Ja, das Preis-/Leistungsverhältnis des kleinen R5 ist enorm gut, erstrecht wenn man den boxed-Kühler verwendet. Da muß ja auch nicht so viel Abwärme weggekühlt werden wie beim R7.
Allerdings würde ich wenn schon nur Quadcore, dann den R5-1500X nehmen, nicht nur weil der gleich ab Werk deutlich höher taktet und den XFR mit sich bringt, sondern auch weil er nur ca. 20 Euro teurer ist als der kleine R5-1400 und dafür auch noch den größeren boxed-Kühler mit im Gepäck hat, bei trotzden angeblich nur 65 Watt TDP (wie der R5-1400 auch)!


----------



## nexx (18. April 2017)

*AW: AM4-Kühler und boxed-Kühler, erste Erfahrungen?*

Richtig, aber der Build wird drastisch auf Kosten getrimmt und sobald Zen2 kommt fliegt der 1400er sowieso wieder raus  Ist also nur ein Übergang.

Und nebenbei will ich keinen größeren Kühler, weil ich alles in ein mini Gehäuse quetschen muss.


----------



## Tim1974 (18. April 2017)

*AW: AM4-Kühler und boxed-Kühler, erste Erfahrungen?*

Achso, wenn der mittlere Wraith-Cooler schon zu groß fürs Gehäuse ist, sehe ich das natürlich ein.
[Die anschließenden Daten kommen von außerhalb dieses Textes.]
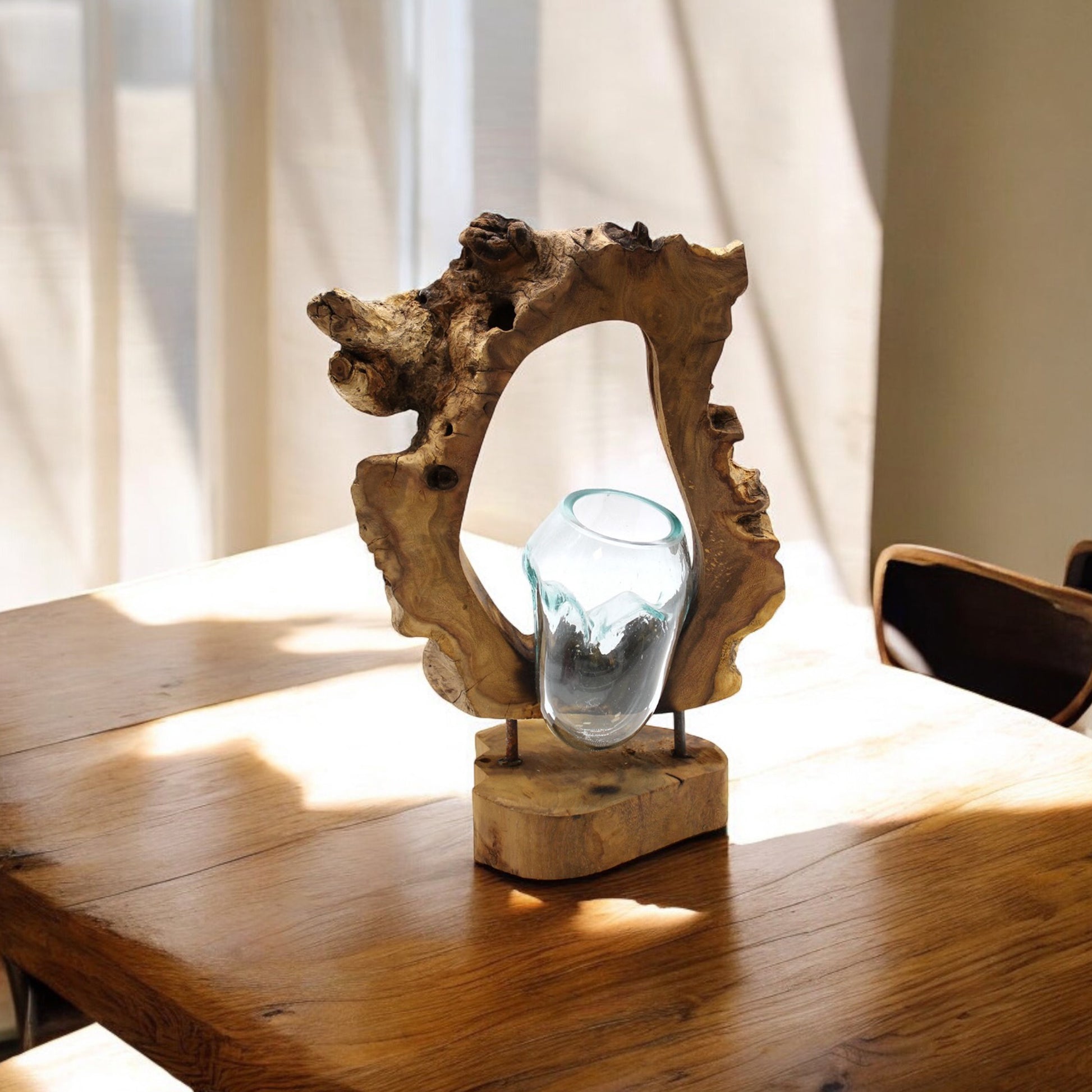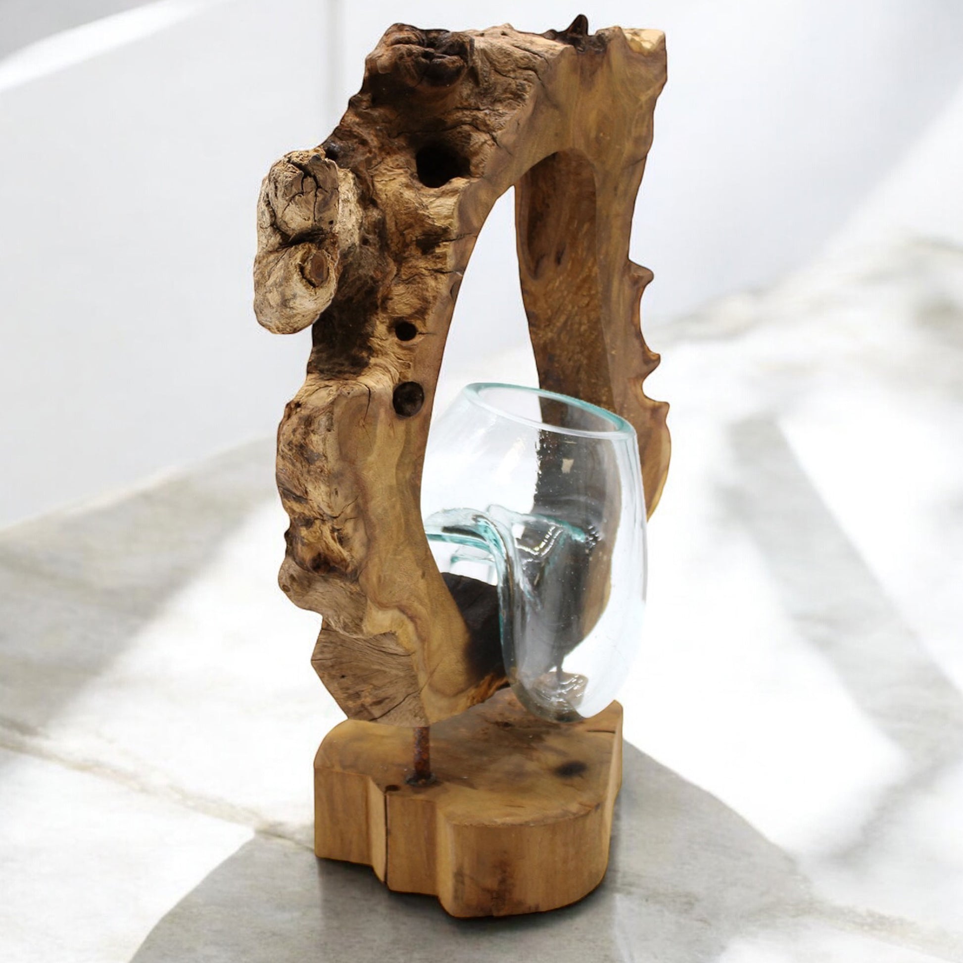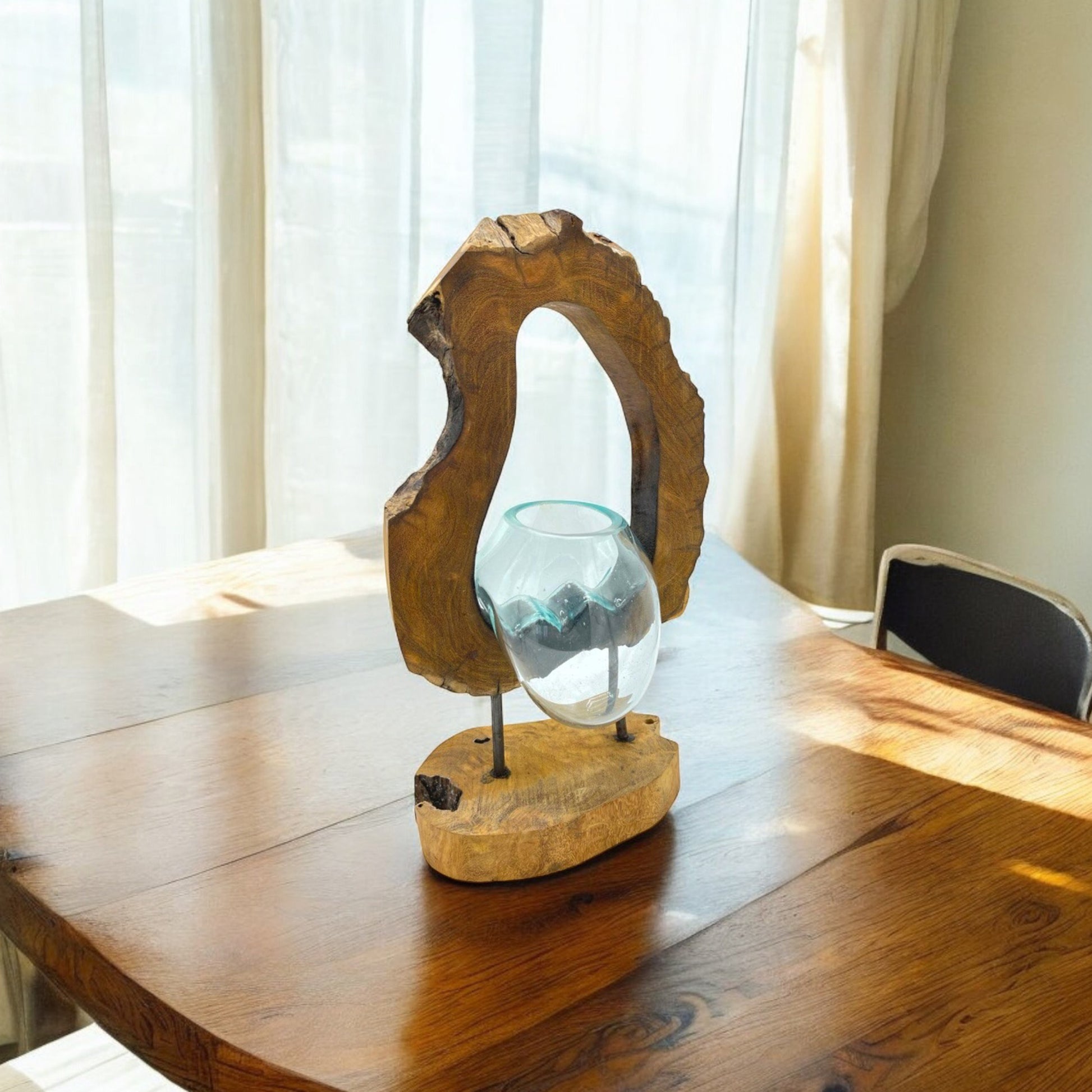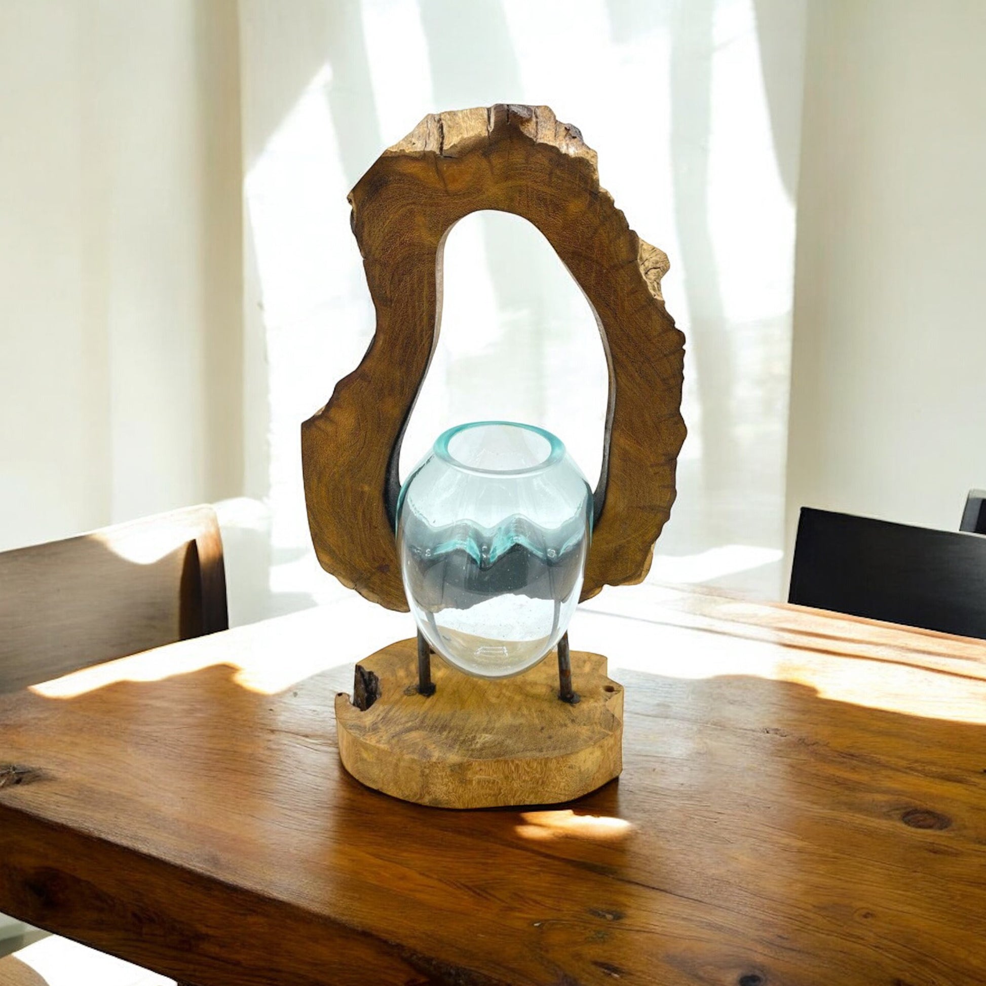 Due to variations in the wood sizes and shapes, the nature of melting the glass by hand and the fact this product is handmade by artisans, slight variations may occur in the shape of the glass, as well as colour and shape of the wood. There will also be small air bubbles present in the glass due to the melting process.

Allerdings ist der glaub ich trotzdem noch sehr kompakt, also kein Vergleich zu den meisten anderen nicht-boxed-Kühlern auf dem Markt.
Die rund 20 Euro Aufpreis wären mir die ca. 300 MHz mehr Grundtakt ab Werk und der XFR aber auf jedenfall wert, egal wie kostenoptimiert ein PC auch sein soll.
Bei den größeren R7 sehe ich allerdings auch keinen Grund z.B. den 1800X, anstelle des 1700X zu kaufen, da wäre mir der Preisunterschied viel zu groß.


----------